Let’s get ethics out of the way first. These are the standards of practice agreed upon by professional groups. For my students of counseling, they are not permitted to have a sexual relationship with their clients. Clients are often emotionally vulnerable, and this is considered an abuse of the therapist’s position of power. Clear, accepted, and — for the most part — adhered to by all.

Morals, on the other hand, are the standards of the individual using an internal locus of judgement. The ability to make independent judgment is important. It is a sign we are grown up and thinking for ourselves. That’s what we look for in our leaders. And by the way, “right judgment” is one of the eightfold steps of the Buddha. Gay marriage is OK by me. I don’t care if it’s not OK with others. I don’t even care if it is illegal — it’s OK with me and I don’t mind being known to be pro-gay-marriage.

Yet herein lies the rub — what is moral for some is not so for others. While it is our place to make judgments of right and wrong for ourselves, it is not for us to judge others in the same way. There is a mechanism for that called the law. Laws are derived from our collective values and touted by our elected representatives (for better or worse). We are all obliged to adhere to our laws because these are the agreed-upon standards of society so that everyone can assume a certain degree of safety. I am free to choose to speed or not wear a seatbelt, but when I get caught I know there are consequences.

Morals arise from our values. They are personal, having to do with the people and environment in which we were raised and the experiences that shaped our growing up. As adults, our morals are still shifting and changing. Perhaps we encounter more and more gay people and realise that they aren’t “bad” people — or not by virtue of their sexual orientation, anyway. When our values become rigid and closed to self-reflection, then, I would argue, the real harm begins. We no longer see the people behind the actions. We equate gay with bad. We then become the judgment we pass on others — we are the one with a stunted moral development. Abraham Maslow cited open-mindedness as one of the key characteristics of the self-actualized individual.

In addition to the morals of an individual changing over time, so do the collective values of society. When I was young, it was a shocking disgrace to become pregnant outside of marriage. The Magdalene laundries really existed. Now it’s not so. People can have a child without a partner and continue to flourish in life. Condemning single girls to a life of abuse because of bearing a child was always cruel, yet at one time our views on this were formed by others — the church, the patriarch of the family, the cruel aunt. Now more and more of us will form our own view of what’s right.

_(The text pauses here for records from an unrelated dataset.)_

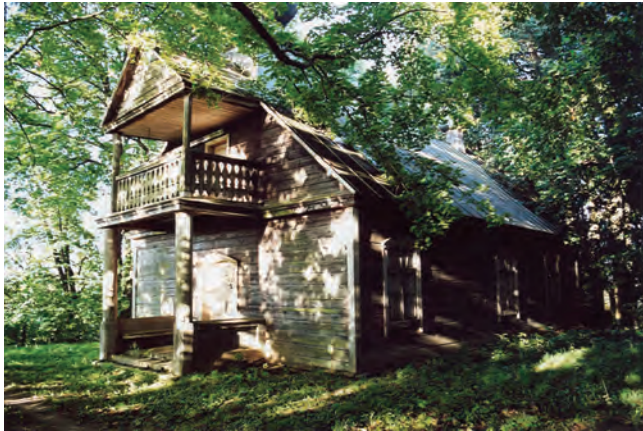
Fig. 22. Bobriškis, Old Believer church.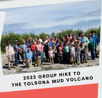
2023 GROUP HIKE TO THE TOLSONA MUD VOLCANO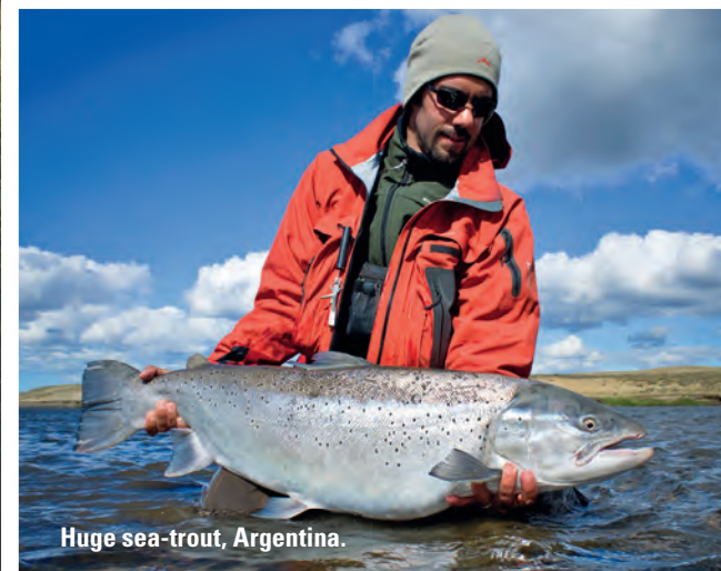
Huge sea-trout, Argentina.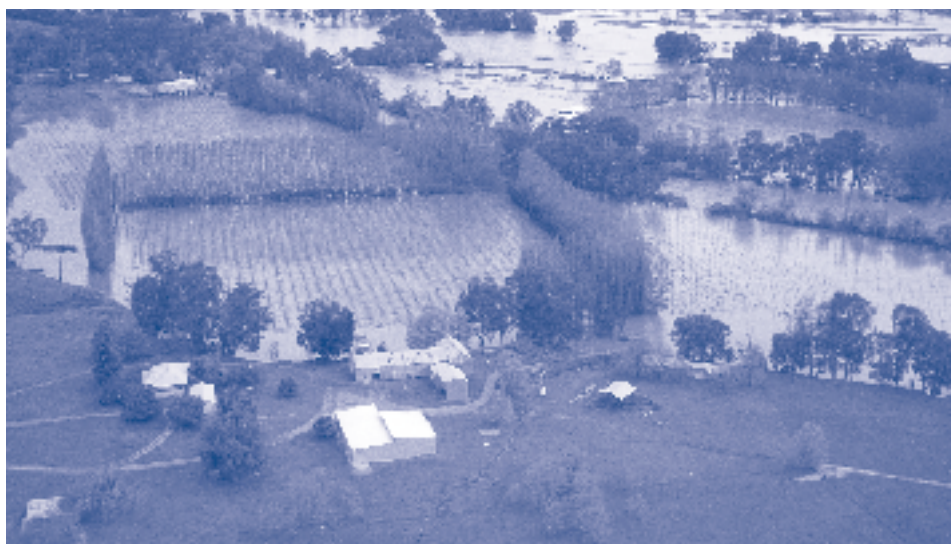
Whorouly East, Ovens River 1993 Flood

Land use planning is one mechanism that is used to minimise the risk of flooding to life and property. It is also a means of protecting the environmental values of the floodplain as part of an overall catchment strategy.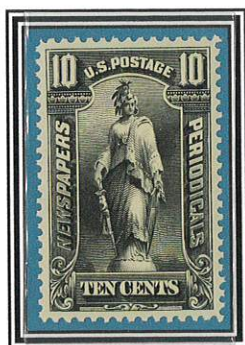
10c Black "Freedom" (PR117)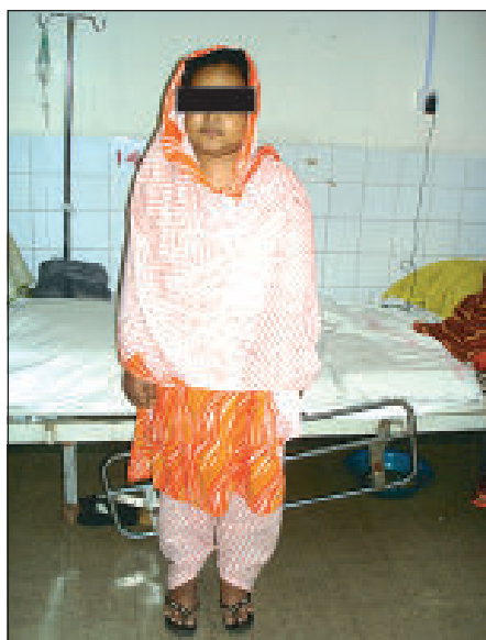
Fig.-1: the patient showing short stature, short neck & rounded face.

On examination she was of short stature, being only 4' 6" and was depressed. She had rounded face, short neck (Fig-1), onychomycosis, and oral candidiasis. There was excessive pigmentation around pressure areas.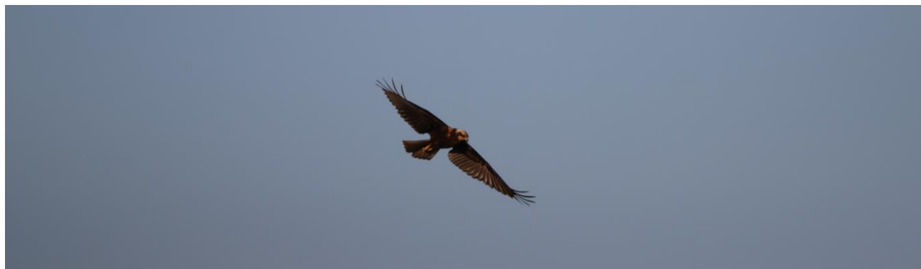
Marsh harrier, North Pond 2021.

Wing-tagged IL – ‘The bird has been loitering around the Pembrokeshire coast since 19.11.2020, when it was seen on Castlemartin Corse, then floating between there and Marloes Mere until 22.02.2021. The bird was ringed and tagged near Thorpe Haddiscoe in South Norfolk on 07.06.2020, and was one of four young (3 Male 1 Female). He was first seen near Felixstowe on 30.10.2020, before heading west. His sister was in Northamptonshire on 09.09.2020 and a brother in north Norfolk on 24.11.2020.’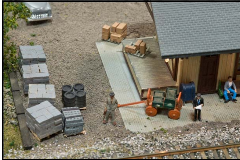
Waiting for the next train.

Watch your email and the website for news and updates about meetings, clinics, and clubhouse status.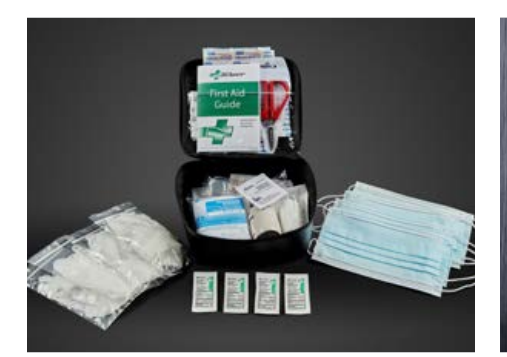
First aid kit with PPE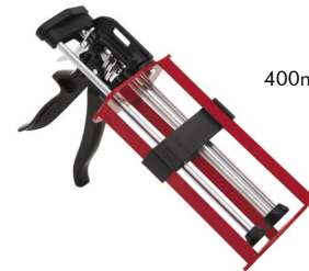
400ml Extrusion Tool

Once the damaged, decayed and discoloured wood has been removed by use of a suitable cutter tool such as a router or chisel, then the area to be treated is lightly sanded to ensure excellent adhesion. The moisture content of the wood should be no greater than 18% (check using a standard moisture meter) and damp wood should be allowed to dry naturally, or by way of a hot air gun. The two components are mixed manually into a separate container, and thoroughly agitated for one minute. The 2:1 mixing ratio should be strictly observed. EWS should be applied directly onto bare wood in the repair area using a standard brush and then left to cure for 30 minutes, prior to carrying out the repair. Please refer directly to the Timbabuild® EWS data sheet for more details.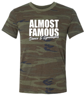
Alternative Camo Shirt Youth Sizes: YS YM YL YXL Adult Sizes: AS AM AL AXL A2XL A3XL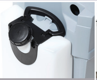
Solution tank dispenses only clean solution, unlike a traditional mop-and-bucket.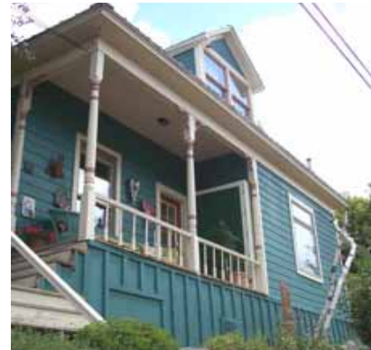
355 ONTARIO AVENUE Landmark Site Designated Feb. 4, 2009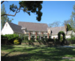
WATTLE PARK SOHE 2008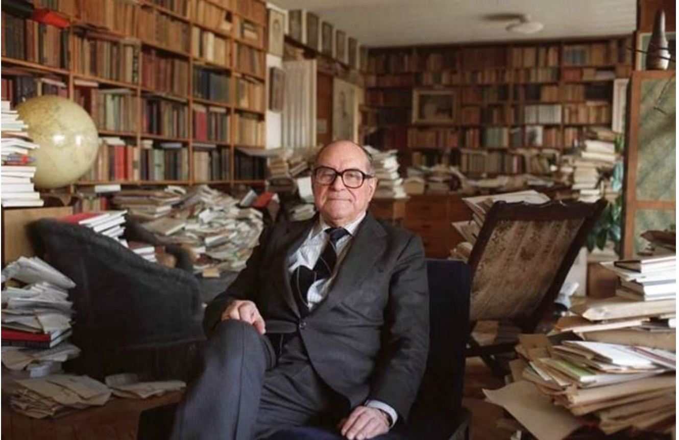
Julián Marías

There is a tendency of our times that preoccupies me a lot, and this is the tendency that consists in evading the irrevocable, in trying to conceal the radical character of human life – which is that and nothing else. –Julián Marías, Philosophy as Dramatic Theory

Laws, therefore, evolve when a critical mass of people begins to think differently about a particular issue. Actually, these people are more likely to think in principles. For example, the right to “self-determination” is an egalitarian principle that stands behind the “pro-choice” movement, the many “liberation” movements, and the “right” to love a same-gender person. In this evolution of our social mores, not everyone travels at the same pace. What we see in politics is that opposition parties will try to capitalize on those views that have not yet shifted in order to cultivate discontent. With time, there is increasing acceptance of what once seemed radical ways of being.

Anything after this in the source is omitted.